Ricardo José Torres
Mestrando em Jornalismo no POSJOR e pesquisador do objETHOS

A história do jornalismo demonstra a sua capacidade de adaptação às novas possibilidades tecnológicas, culturais e econômicas, por meio de processos que envolvem os jornalistas, os meios de produção e a sociedade. Atualmente, estamos vivenciando a constituição de um ecossistema midiático que apresenta novas perspectivas para a atividade jornalística. Entretanto, não podemos perder de vista os princípios e valores essenciais do jornalismo que se consolidaram ao longo dos anos. A busca pela verdade, as diretrizes éticas e o debate das problemáticas sociais constituem a credibilidade da função jornalística e refletem diretamente na sua relevância.

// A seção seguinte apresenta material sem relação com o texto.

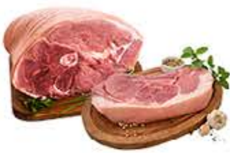
PERNIL E PALETA SUINA C/ PELE KG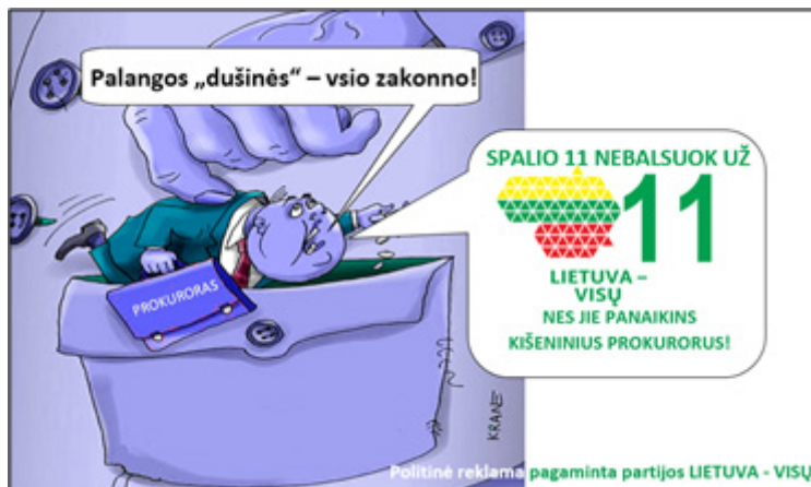
2 pav. Politinė partijos „Lietuva – visų“ reklama, skirta 2020 m. vykusiems LR Seimo rinkimams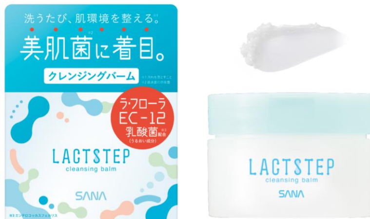
サナ ラクトステップ クレンジングバーム 95g 1,800円(税込1,980円)

クレンジング後のお肌をすこやかに保つじゅわ落ち処方を採用。こすらなくてもメイク・汚れ落ち抜群のとろけるバームで、毛穴の奥まですっきり。お肌に必要なうるおいはしっかり留まり、洗顔後もうるおいをキープします。これ1つで毛穴*9・角質*9・くすみ*9・うるおい不足・黒ずみ*9の5ケアが完了。W洗顔不要でまつ毛エクステンションもOK。スパチュラ付きで衛生的です。

Na comunicação analógica, encontrávamos um cenário de escassez de informação e lucros astronômicos. Atualmente, as múltiplas plataformas digitais descentralizam e horizontalizam as informações, além de fornecer outra dinâmica ao conteúdo jornalístico, que altera a relação entre os meios produtores e seus públicos. A função de filtro de representação da verdade não está somente no que disseminam os veículos de comunicação tradicionais. A relevância dos conteúdos pode ser questionada e as angulações das temáticas podem ser avaliadas. Essa configuração redimensiona a prática jornalística mas não interfere na sua relevância social e no seu papel enquanto produtor de conteúdo relevante.

Independente do suporte em que irá se disseminar o jornalismo, a busca pela relevância deve ser um dos balizadores centrais da produção do conteúdo. No objetivo de atrair a atenção do público, o jornalista deve refletir também sobre os efeitos que essa informação irá gerar no contexto social e no cotidiano dos indivíduos. Acredito que esse seja o grande desafio para os jornalistas atualmente, diante das inúmeras informações como atrair a atenção e manter o compromisso com os parâmetros relacionados a relevância. Sem falar no desafio apresentado pelas adaptações culturais e pela quebra de alguns paradigmas que permaneceram intactos durante décadas.

Quem decide o que é relevante?  

Na “missão” de conjugar a atenção do público com os parâmetros jornalísticos, o que fica evidente são algumas implicações desafiadoras para os jornalistas que envolvem: O que o público quer? (Nem sempre é o que o público precisa) E o que o público precisa? (Nem sempre está ligado aos interesses dos veículos de comunicação ou dos próprios jornalistas). Neste sentido, o conceito de relevância está atrelado ao equilíbrio desses interesses onde o que deve prevalecer são os interesses dos cidadãos.

Na ânsia de oferecer as suas pautas, muitos jornalistas perdem de vista o referencial de que o mínimo (oferecer informações relacionadas ao contexto social pautadas na apuração) pode ser o máximo. Entre as perdas e ganhos do cotidiano do jornalismo, uma boa pauta acaba perdendo espaço, pois, na dinâmica de mercado a quantidade supera a qualidade e a utilidade da informação perde espaço para sua expectativa de venda.

Quando nos referimos a informações públicas ligadas a investigações, as práticas policiais e judiciais parecem suplantar as técnicas jornalísticas. Documentos jurídicos e policiais são propagados como verdades absolutas e estão presentes regularmente nos debates propostos pelo jornalismo. Mesmo diante da infinidade de fontes de informação o que continua sendo recorrente é a utilização de fontes oficiais. As iniciativas de transparência dos órgãos públicos em todas as esferas ainda não surtiram efeito na prática jornalística que continua tendo dificuldades para filtrar os dados relevantes para sociedade.

Nem toda produção de um jornalista será relevante, mas apenas o que for relevante poderá ser considerado jornalismo. Claro que temas que em um primeiro momento parecem banais podem se tornar boas matérias se levarem em conta as técnicas jornalísticas e explorarem as suas potencialidades.